We encountered a couple of ways and in this sequence I might like to share some sample code, and examine some of the merits and rewards of each tactic.
TLDR: A Year-to-Day remedy primarily based on a
SUM() window functionality is easy to code and keep as very well as economical to execute.
This as when compared to a quantity of choice implementations, specifically a self-
Join (merged with a
Team BY), a subquery, and a
UNION (also blended with a
Notice: this is the 3rd submit in a series.
(While our use scenario promotions with Azure Synapse, most of the code will be instantly suitable with other SQL Engines and RDBMS-es.)
We can also imagine of YTD calculation as a independent query that we execute for each individual row of the
Though this does indicate a row-by-row tactic, we can even now translate this conveniently to pure SQL by developing an expression in the
Select-checklist, which makes use of a subquery to work out the YTD price for the present-day row:
choose SalesOriginal.SalesYear , SalesOriginal.SalesMonth , SalesOriginal.SalesAmount , ( select sum(SalesYtd.SalesAmount) from SalesYearMonth as SalesYtd the place SalesYtd.SalesYear = SalesOriginal.SalesYear and SalesYtd.SalesMonth as SalesYtd from SalesYearMonth as SalesOriginal
There’s a similarity with the
JOIN-solution, in that we use the
SalesYearMonth table twice, but in different roles.

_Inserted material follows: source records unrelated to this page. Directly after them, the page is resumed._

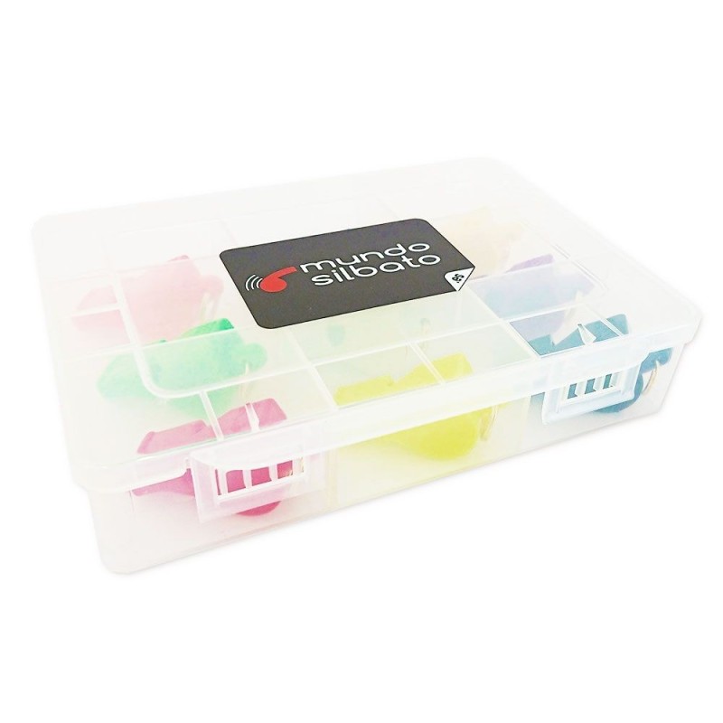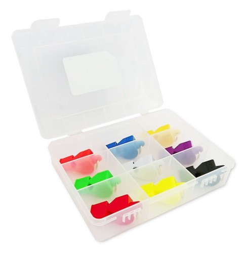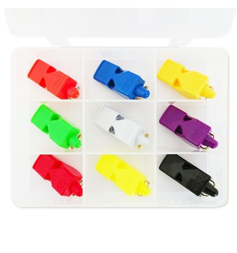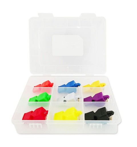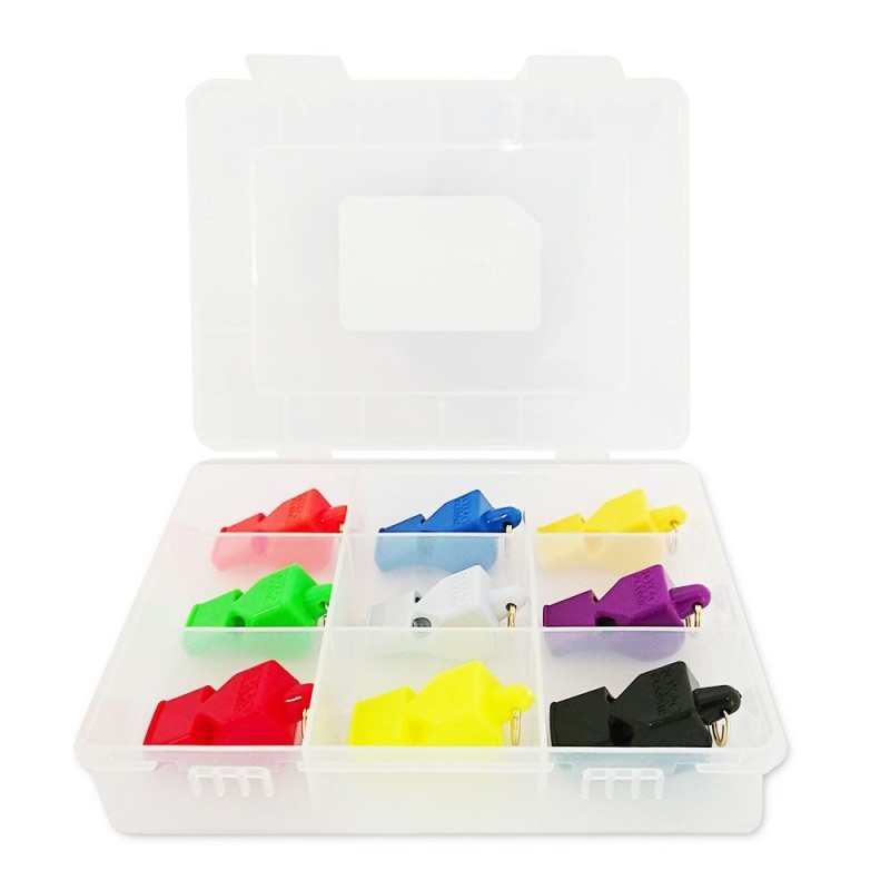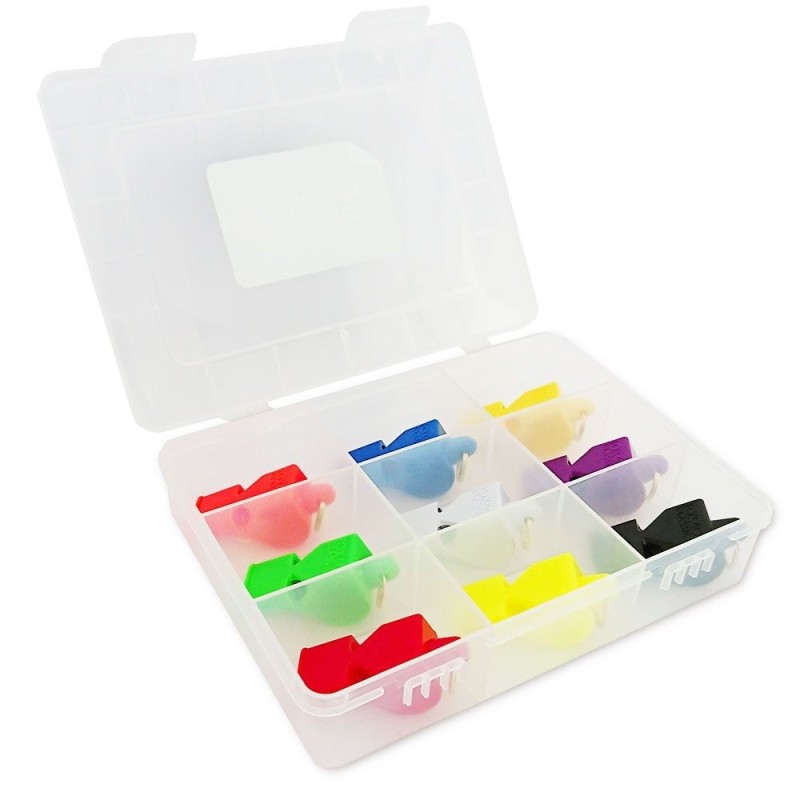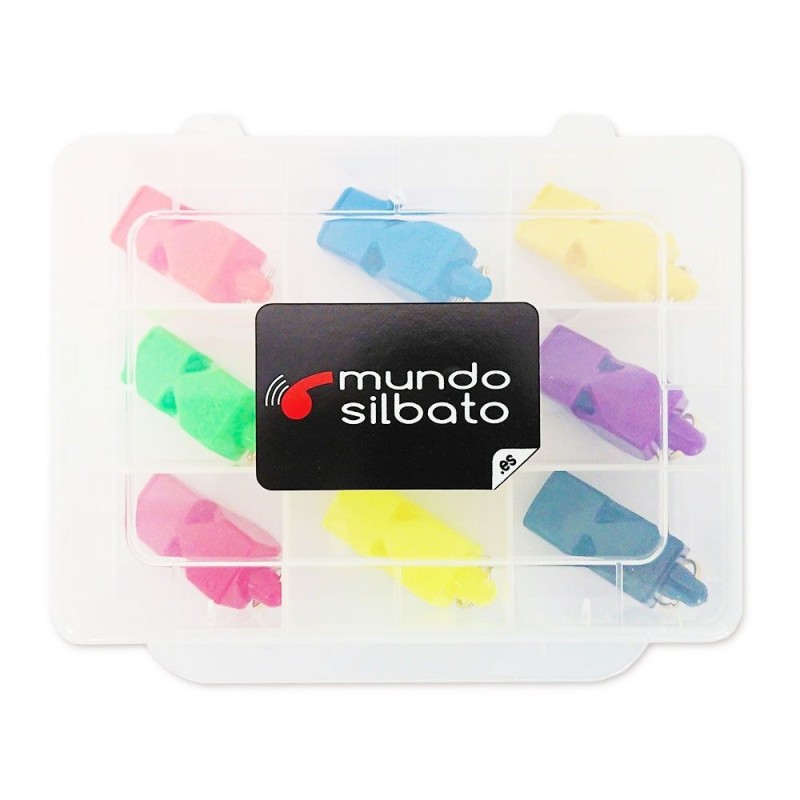 Estuche transparente con capacidad para guardar un total de 9 silbatos. Cierre seguro con doble pestaña. Apertura amplia para cómodo acceso al interior. No incluye silbatos.
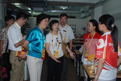 这已是杨会长第二次来到奥运中心区看望涉奥餐饮工作人员。在主新闻中心的工作人员餐厅,她与就餐中的师生亲切交谈,了解工作人员在这里的伙食情况;在国际广播中心,她详细询问了菜品供应情况和工作人员的工作班次、劳动强度;在奥运村的餐饮指挥中心、中央厨房,来自美国的厨房运营总监道格?布先生向杨会长一行介绍了厨房的运行情况,并高度评价了中国烹协选派的涉奥餐饮工作者,对他们的工作精神、学习态度和合作能力备加赞扬。他表示,中国学生非常勤奋好学,领悟能力很强,使他原本的担心很快就打消了。他甚至希望能组织这些中国学生到美国去参加新的项目。杨会长一行还专门到厨房看望了正在工作中的同学们。她高度评价了广大师生不辞辛苦、连续奋战的精神,肯定了大家为奥运所做贡献,代表中烹协对大家表示衷心的感谢,并勉励大家继续为各国奥运健儿和媒体工作人员奉献可口的饭菜。
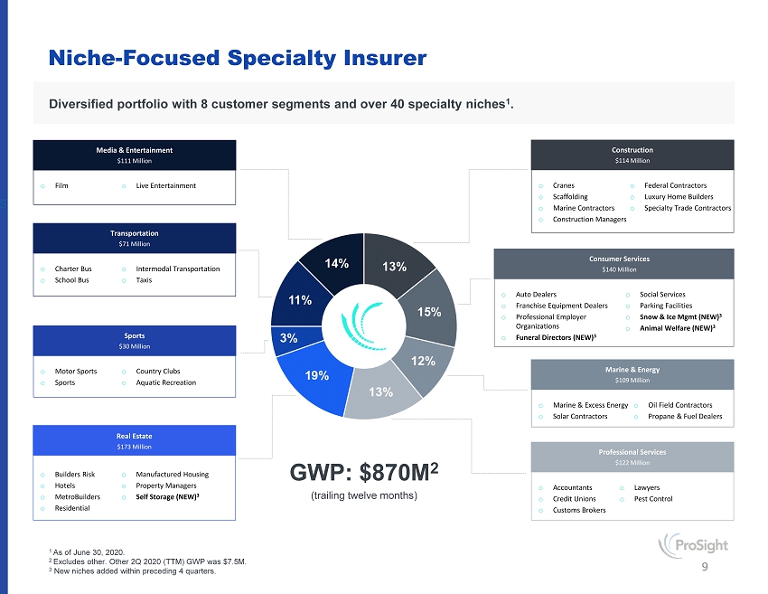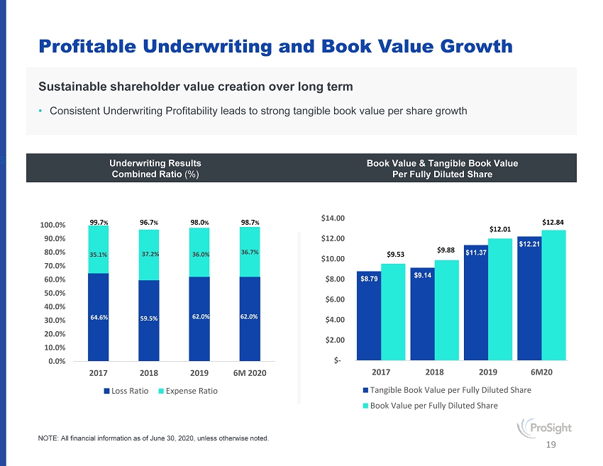 $73.4 $101.9 $118.0 $94.4 $107.1 $133.7 $79.3 $83.1 $94.7 $114.4 $119.9 $125.0 $112.6 $110.5 $119.3 $132.0 $132.7 $167.6 $22.2 $23.6 $30.0 $ 85.1 $ 92.2 $ 112.1 2017 2018 2019 Transportation Sports Real Estate Professional Services Media and Entertainment Marine and Energy Consumer Services Construction $713.4M 1 $771.0M 1 15 Focus on Profitable Growth 1 Existing customer segment only; actual GWP are $836M for 2017, $895M for 2018, and $968m for 2019; $491m for 2Q19 and $400m f or 2Q20. 2 CAGR for actual GWP from 2017 to 2019 is 7.6%. Contraction for actual GWP 6M2019 to 6M2020 is (18.5%). 3 Excluding Transportation and Media and Entertainment customer segments (niches heavily impacted by COVID - 19), GWP growth YOY was 7.7%. Future growth within any niche or customer segment considers profitability first . ProSight employs a rigorous process to identify if/when growth is justified and react quickly once a decision is made. Growth in Existing Niches New Customer Segments New Niches in Existing Customer Segments WE GROW IN THREE WAYS: Existing Customer Segments Only $900.4M 1 $55.8 $52.2 $65.4 $71.3 $45.5 $59.6 $62.1 $47.9 $58.7 $61.6 $75.3 $80.5 $14.7 $14.3 $ 49.7 $ 9.1 6M19 6M20 $427.2M 1 $396.5M 1
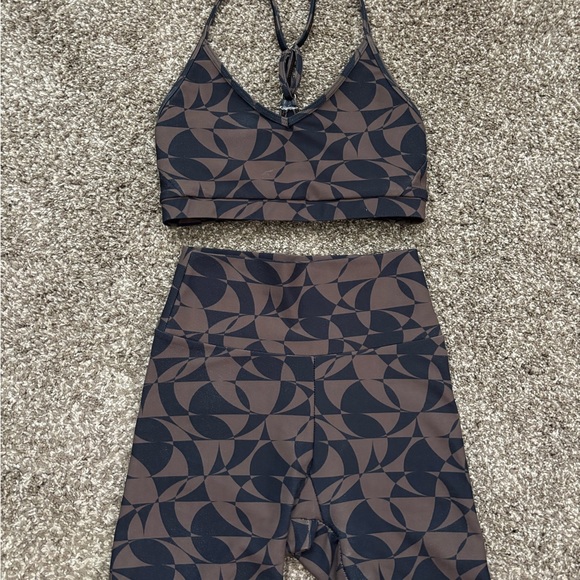 Stylish sports bra and shorts set with a geometric pattern. Features a mix of dark and light colors.
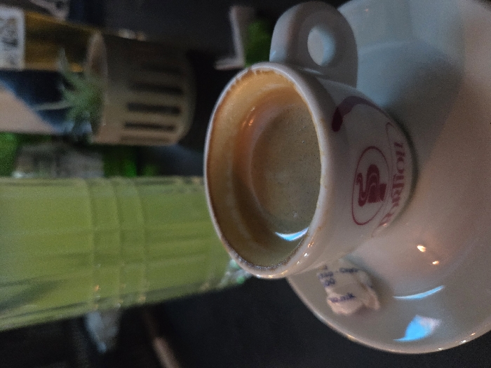 The scene depicts a tabletop arrangement in Negorci, North Macedonia. In the foreground, a white ceramic espresso cup, bearing a red stylized 'S' logo and the text "Pontion", contains dark coffee topped with crema. The cup rests on a matching white ceramic saucer, which also holds a small, white, rectangular sugar packet. Immediately to the left of the espresso cup, a tall, clear glass contains a bright green liquid. The background is out of focus, revealing a small, brown, slatted cylindrical pot holding a green succulent plant. Further obscured elements include a green bottle and a glass containing an amber liquid, consistent with beer. No individuals are visible. The surface supporting these items is dark, suggesting a table or bar top, under what appears to be ambient, somewhat dim lighting.
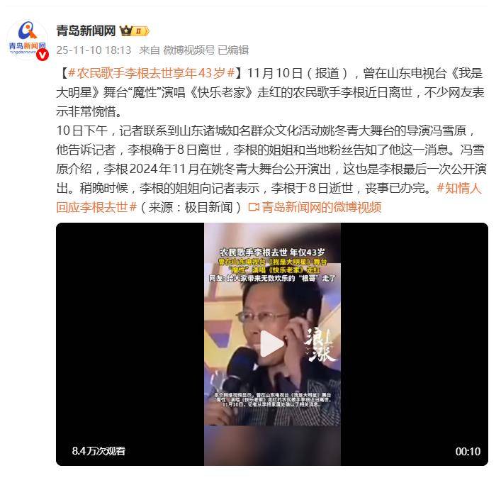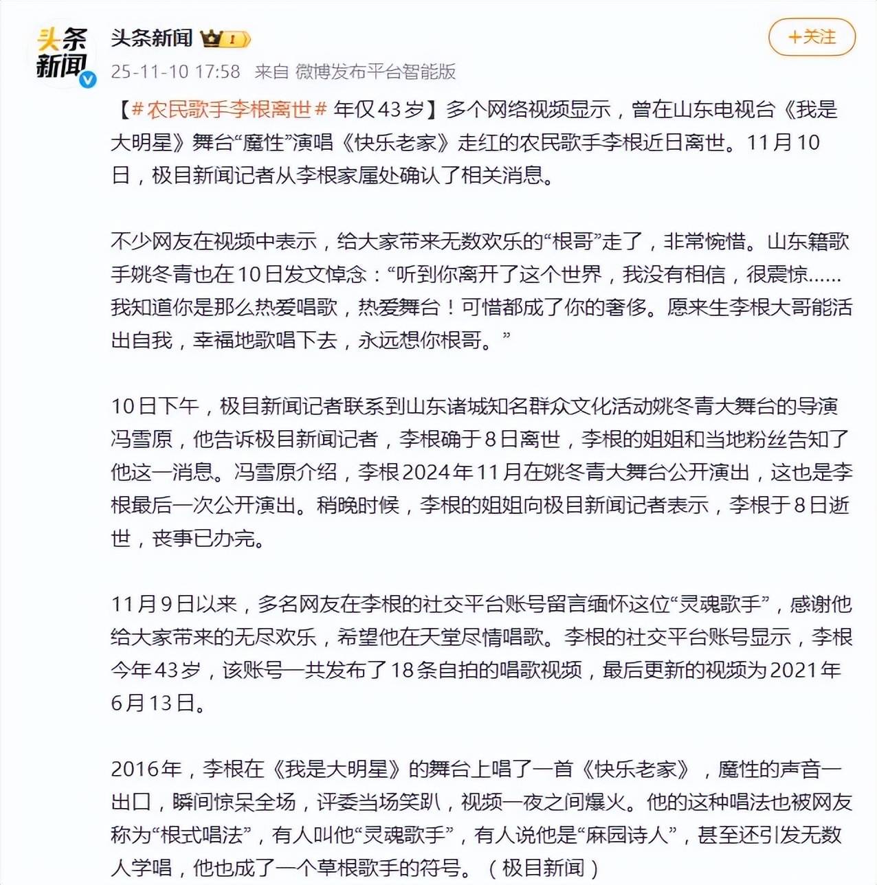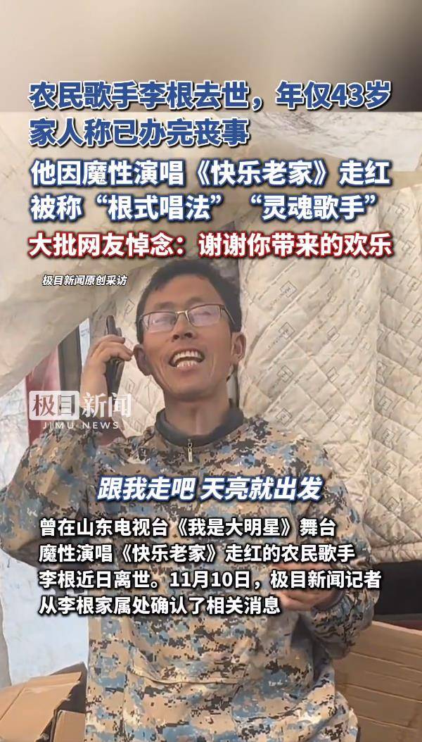 据11月10日报道,农民歌手李根逝世的消息悄然传开,终年43岁。这位曾以一首“根式”《快乐老家》惊艳全网的草根符号,生命戛然而止,引来无数网友集体追忆。

JOIN-solution both appeared on one side of the
JOIN keyword and we used the aliases
YtdSales to be able to keep them apart.
In the subquery approach, the distinction between these two different instances of the
SalesYearMonth table is more explicit: the main instance of the
SalesYearMonth table occurs in the
FROM-clause, and the one for the YTD calculation occurs in the
Also similar to the
JOIN solution is the condition to tie the set for the YTD calculation to the main query using the
Such a subquery is referred to as a correlated subquery.
As for any differences with the
In the condition, the only difference is the left/right placement of
SalesYtd, which is chosen only by order of appearance in the query but functionally completely equivalent.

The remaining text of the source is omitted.